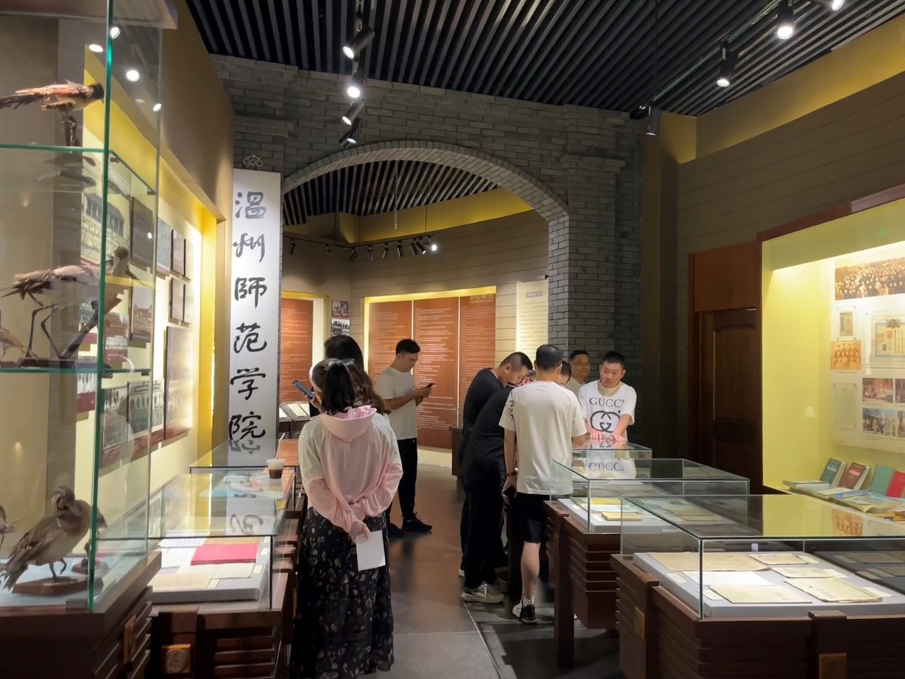 随后,校友们来到校史馆参观,重温学校九十年的办学历程,“走一遍”我们的来时路。墙上的一张张照片、一段段文字,展览柜里的一份份手写笔迹,都是温大九十年来蓄力成长、努力奔赴的痕迹。展品无言,却也无声地向校友们讲述着学校的辉煌过往。校友们纷纷感慨万千,心中的自豪和骄傲油然而生。
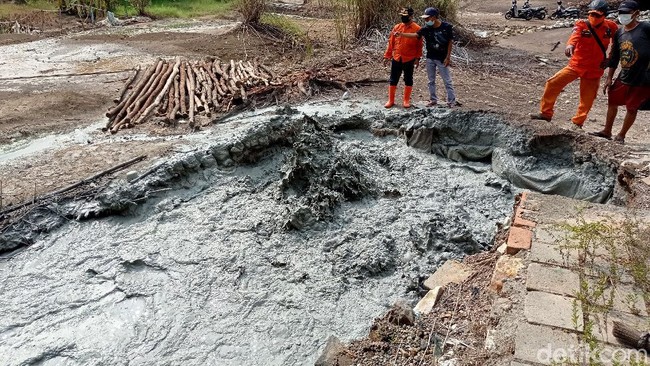 Cirebon - Semburan lumpur muncul di Desa Cipanas, Cirebon, Jawa Barat. Kemunculan semburan lumpur itu merupakan ketiga kalinya di Desa Cipanas. Berikut penampakannya.
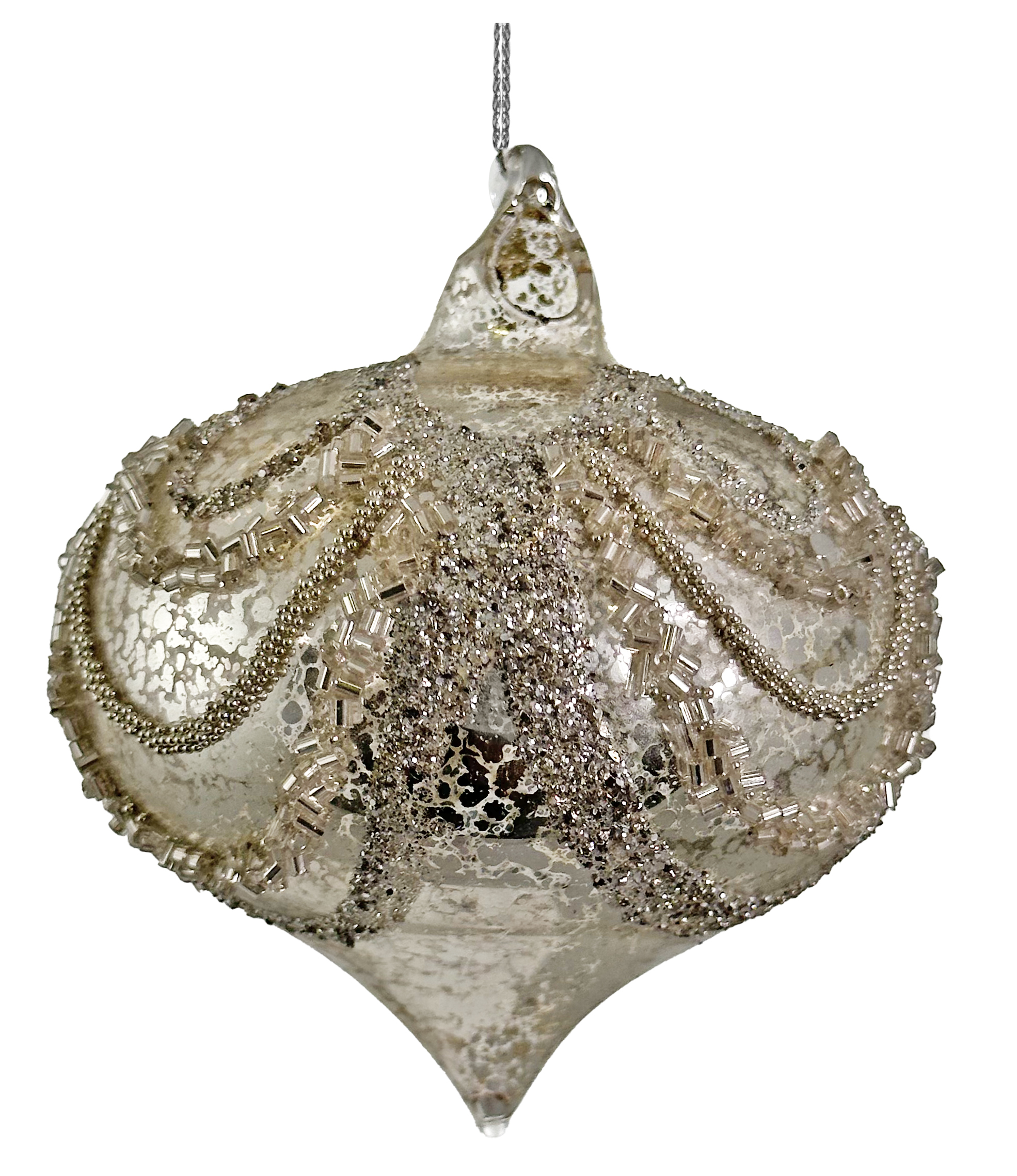 Kuuseehe onion pärlitest vanikutega d8cm klaasist, hõbedane
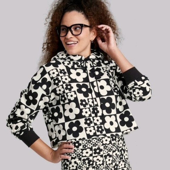 Wild fable cropped hoodie black & white flowers nwt
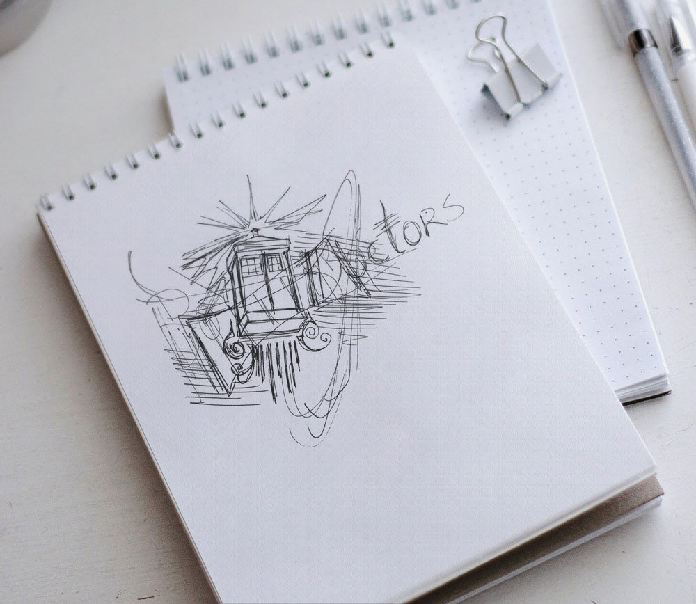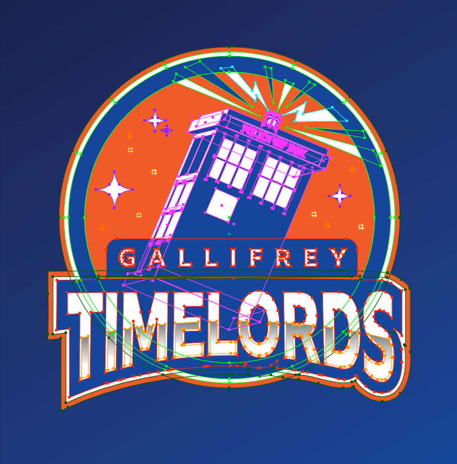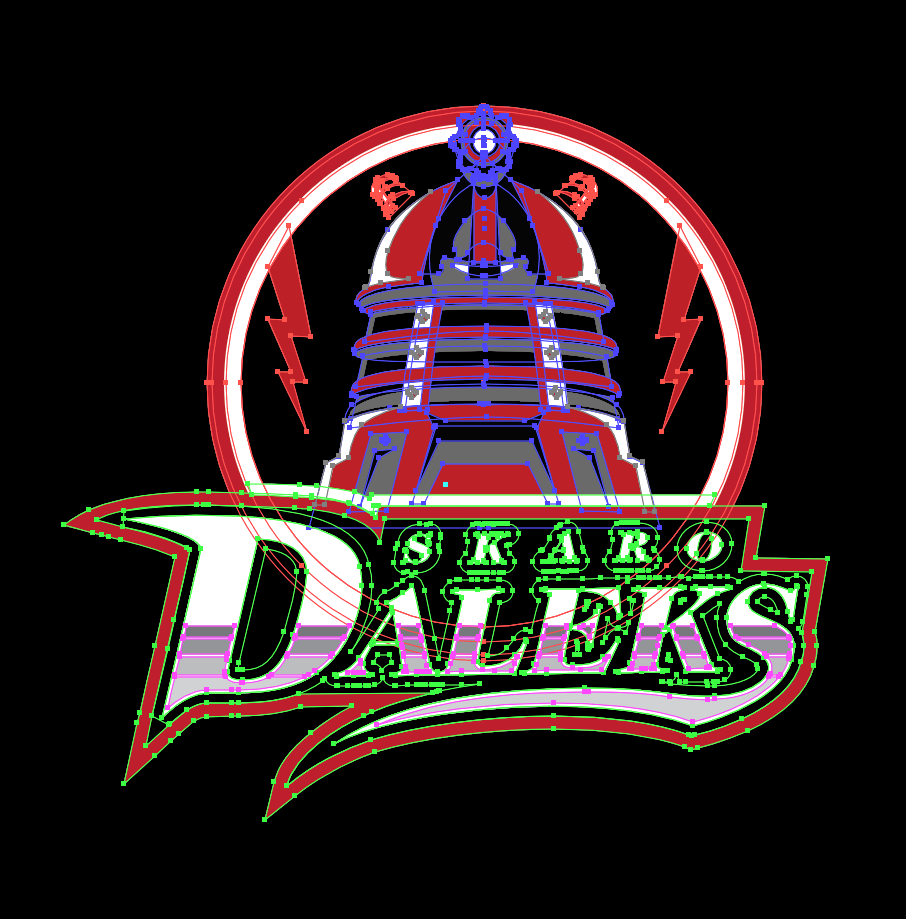 'Galifrey Time Lords' and 'Skaro Daleks'. Concept sketch to Illustrator file and physical print.

=====

> _Assigned task_:
What is needed is a word-for-word copy of the lines from the start of the data to the line with "Wild fable cropped", inclusive, with no pictures in it.

> _Task response_:
 随后,校友们来到校史馆参观,重温学校九十年的办学历程,“走一遍”我们的来时路。墙上的一张张照片、一段段文字,展览柜里的一份份手写笔迹,都是温大九十年来蓄力成长、努力奔赴的痕迹。展品无言,却也无声地向校友们讲述着学校的辉煌过往。校友们纷纷感慨万千,心中的自豪和骄傲油然而生。
 Cirebon - Semburan lumpur muncul di Desa Cipanas, Cirebon, Jawa Barat. Kemunculan semburan lumpur itu merupakan ketiga kalinya di Desa Cipanas. Berikut penampakannya.
 Kuuseehe onion pärlitest vanikutega d8cm klaasist, hõbedane
 Wild fable cropped hoodie black & white flowers nwt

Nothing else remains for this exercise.